Provided records START
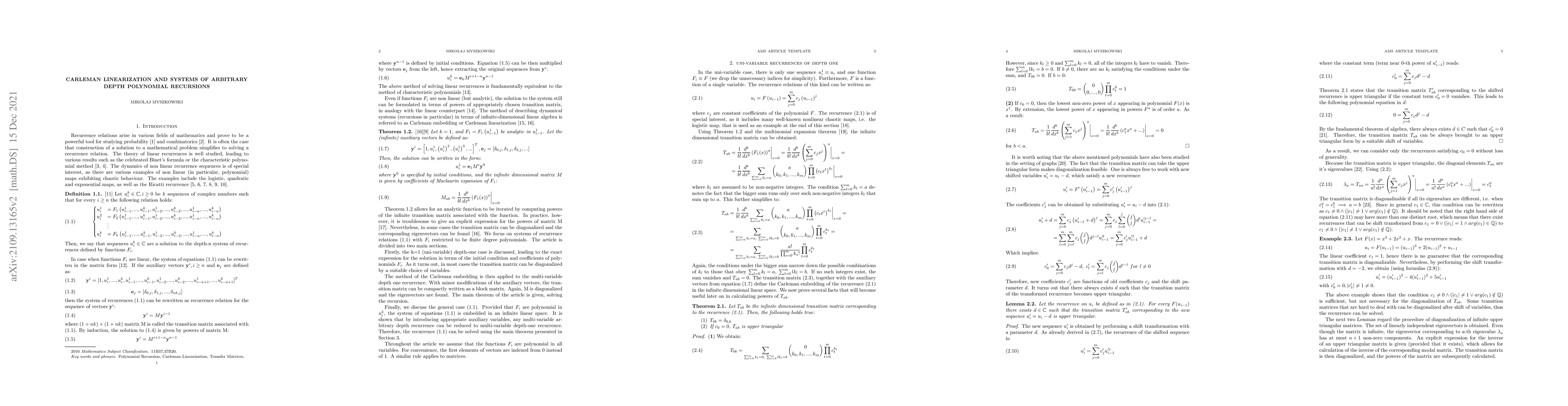 This paper develops a new Carleman linearization approach for systems of polynomial recursions, initially focusing on uni-variable depth-one recurrences and then extending to systems of arbitrary depth. It constructs and upper triangularizes transition matrices, deriving explicit solutions for broad recurrence families and discussing sufficient conditions for the method's applicability.
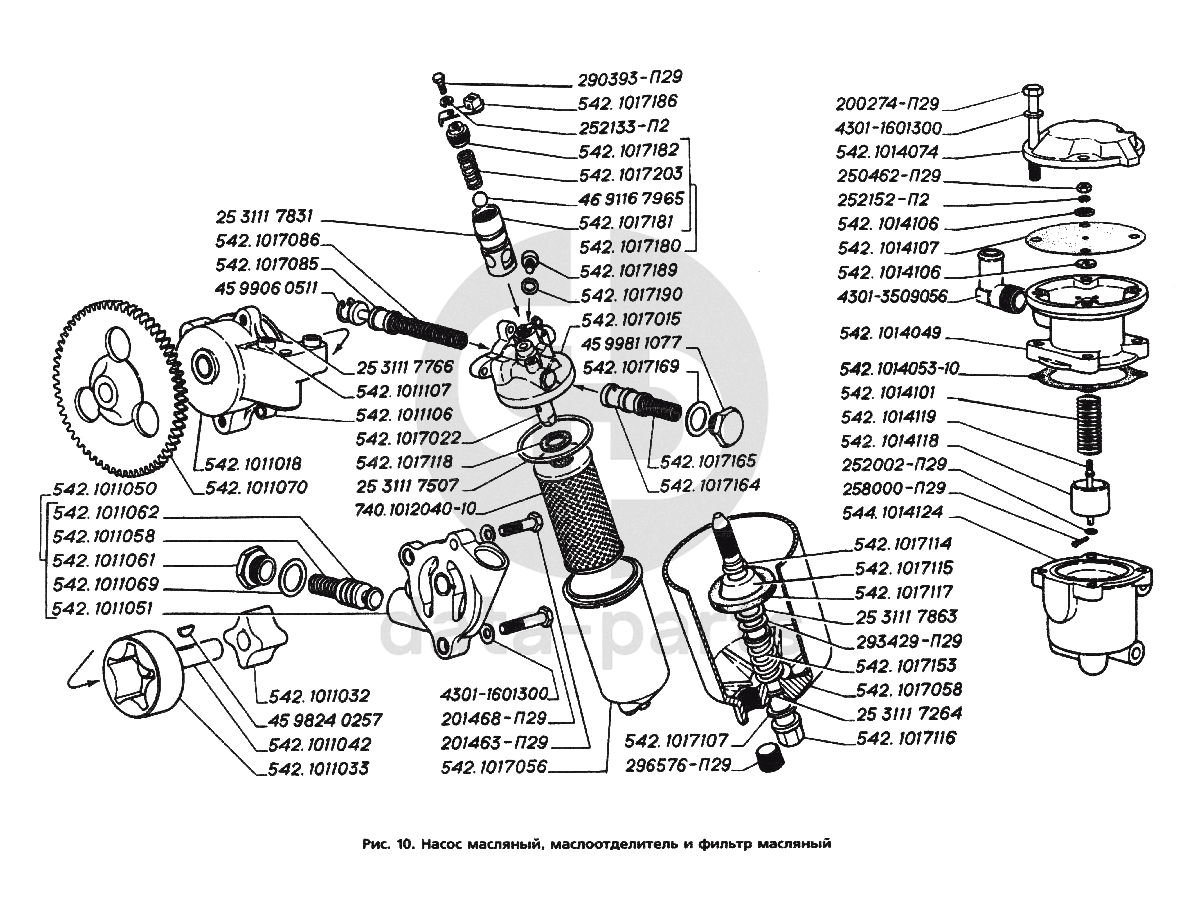 Насос масляный, маслоотделитель и фильтр масляный ГАЗ-3306
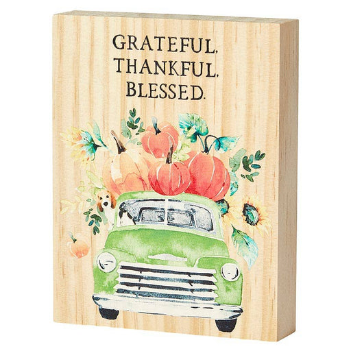 Faithworks by Creative BrandsReads: Grateful, Thankful. Blessed. • Solid Wood • Natural Edges • Features art from Heatherlee Chan • Material: Wood • Size: 5" W x 6.5" H x 1.5" D
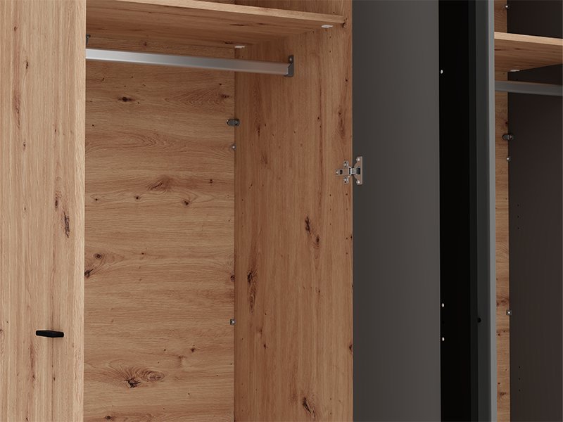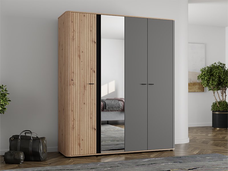 "L’armoire SINOP 4K1O h210, fabriquée en combinaison du décor chêne artisan, de la feuille chêne artisan, des décors gris graphite et bois noir, contribue à l’aspect moderne et sophistiqué de la chambre à coucher, soulignant le contraste des matériaux et la ligne de la conception géométrique clairement définie.
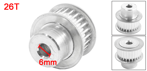 Product Name Timing Pulley Tooth Number 26T Pitch 3mm /0.12" Bore Diameter 6mm /0.24" Bore Outside Diameter 17mm /0.67" Fit Belt Width 11 mm /0.43" Overall Size 28 x 25mm /1.1" x 1" (D*H) Material Aluminum Alloy Color Silver Tone Weight 27g Package Content 1 x Timing Pulley - Reviews
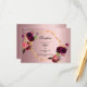 An elegant wedding reception details card. A faux gold geometric shaped frame with bohemian, boho style watercolored roses in burgundy and pink. Dusty rose faux metallic looking background. Templates for your wedding reception details, black text.
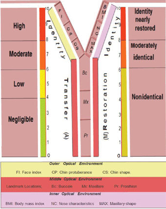 | Figure 11. Identity indices (mm) of recipients plotted on biophysical identity chart indicating if facial allotransplantation resulted in identity transfer. |
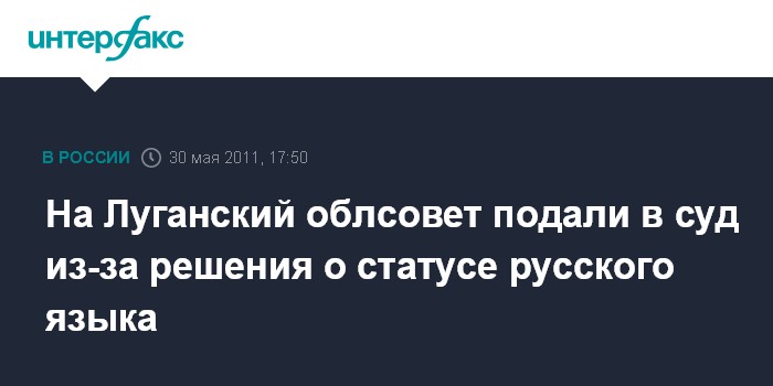 Киев. 30 мая. INTERFAX.RU - Председатель Луганской областной организации Украинской народной партии (УНП) Валентин Ткалич подал иск к областному совету с требованием признать недействительным решение облсовета от 27 мая "О реализации конституционных гарантий на свободное использование русского языка, других языков национальных меньшинств в Луганской области".
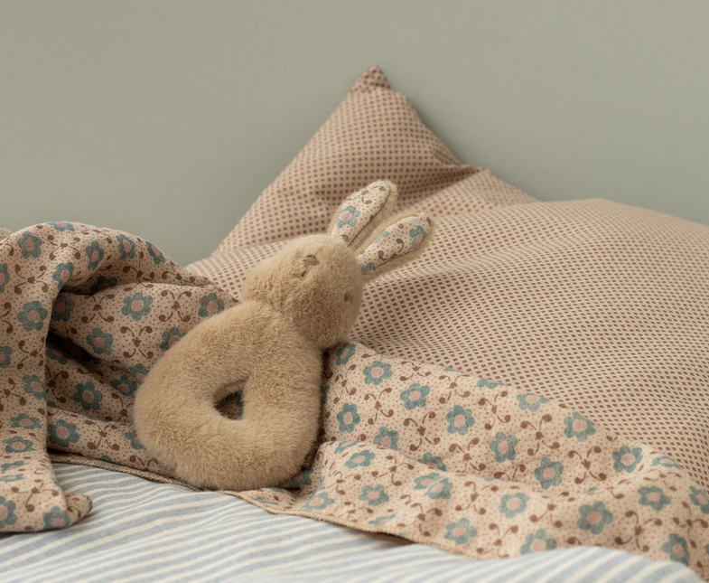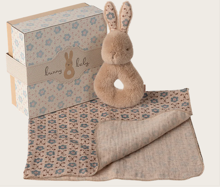 Kaunis Mailegin lahjapakkaus sisältää kauniissa rasiassa pehmeän pupuhelistimen ja unirievun.
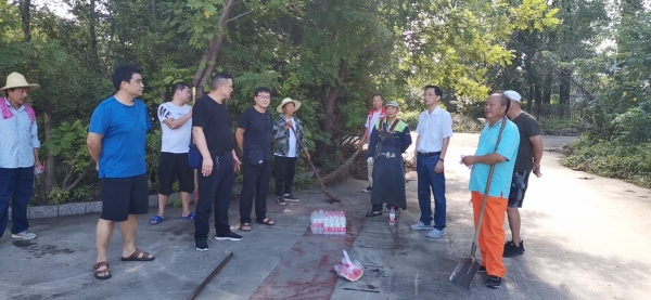 8月15日上午,后勤党总支书记李友国带领分管副处长(副总经理)张宇航、厉相卿一行三人至浉河校区检查创建文明城市环境整治情况。为创建信阳市文明城市,后勤物业管理中心及水电维修中心组织人员已连续多天在浉河校区进行环境整治作业。天气炎热,李书记给大家送去了西瓜、矿泉水等清凉解暑的物资,要求工作人员在注意好防暑降温的同时开展好创文工作。(王道大)
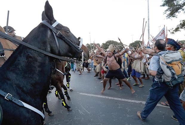 Indijanci iz sliva Amazona nosili su tradicionalnu nošnju a pojedini su ispaljivali strele na policajce. Jednog policajca strela je pogodila u nogu i on je operisan da bi se ona uklonila
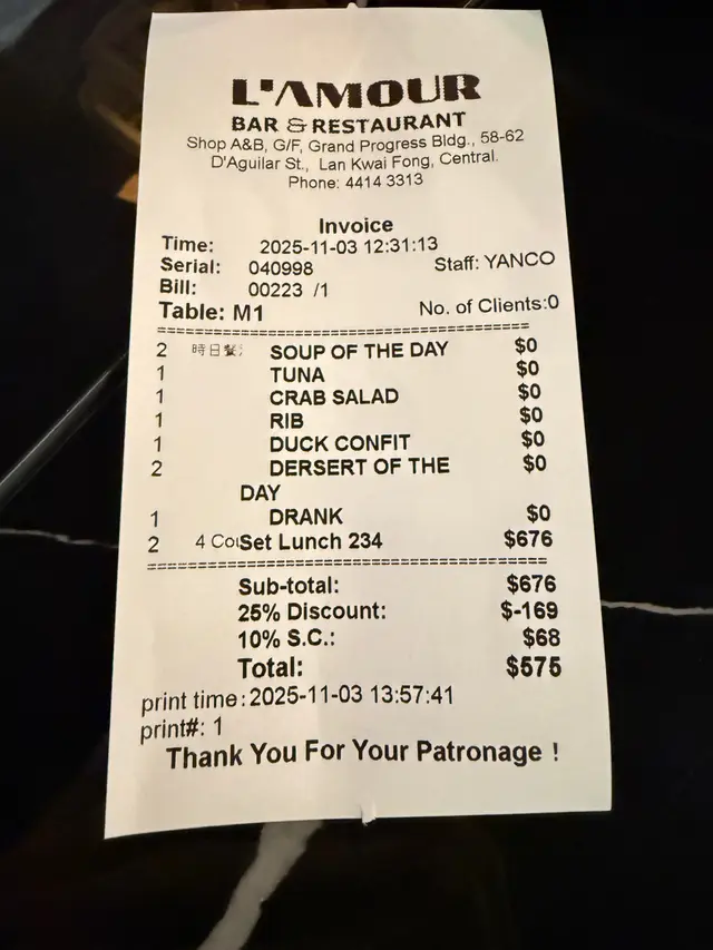 蘭桂坊隱世法日浪漫餐廳!水晶琴+巨型玫瑰打卡一流💖 catbaby1123等級42025-11-04 關注 今日同friend去咗中環L'amour食lunch,真係靚到尖叫!餐廳藏身蘭桂坊協興大廈,推門即刻進入咗個童話世界🎠 絲絨紅心座椅、滿天垂吊水晶燈,真係好似愛麗絲夢遊仙境咁奇幻!最吸睛係部會自己彈奏嘅水晶三角琴🎹同埋牆身綻放嘅巨型玫瑰藝術裝置,每個角落都係打卡位📸✨$300+四道菜午餐超抵食✨▫️頭盤:吞拿魚沙律好新鮮,魚子醬蟹肉沙律鮮味爆棚🦀▫️餐湯:南瓜湯綿密順口,飲到淡淡南瓜甜香🎃▫️主菜:油封鴨髀外皮脆脆哋,肉質軟淋入味!肉眼扒煎得啱啱好,肉汁鎖得住🐮▫️甜品:芝士蛋糕奶香濃郁,完美收尾🍰▫️餐茶:熱奶茶茶味夠醇,唔會太澀☕成個體驗真係滿分💯 由環境到食物都感受到餐廳嘅用心,浪漫氣氛絕對係情侶約會首選💑 平時食法國菜閒閒地過千,呢度$300幾真係性價比超高!下次紀念日一定要再嚟encore~1以上食評乃用戶個人意見 , 並不代表OpenRice之觀點。讚好分享蘭桂坊隱世法日浪漫餐廳!水晶琴+巨型玫瑰打卡一流💖 L'AMOUR https://s.openrice.com/QrbT0CX5V00檢舉 張貼 評分5味道5環境4服務5衛生5抵食用餐途徑堂食
Provided records END
● Task item:
Could you repeat exactly the lines from the first one of the records above through the line containing "Насос масляный, маслоотделитель", leaving out any pictures?

● Result:
 This paper develops a new Carleman linearization approach for systems of polynomial recursions, initially focusing on uni-variable depth-one recurrences and then extending to systems of arbitrary depth. It constructs and upper triangularizes transition matrices, deriving explicit solutions for broad recurrence families and discussing sufficient conditions for the method's applicability.
 Насос масляный, маслоотделитель и фильтр масляный ГАЗ-3306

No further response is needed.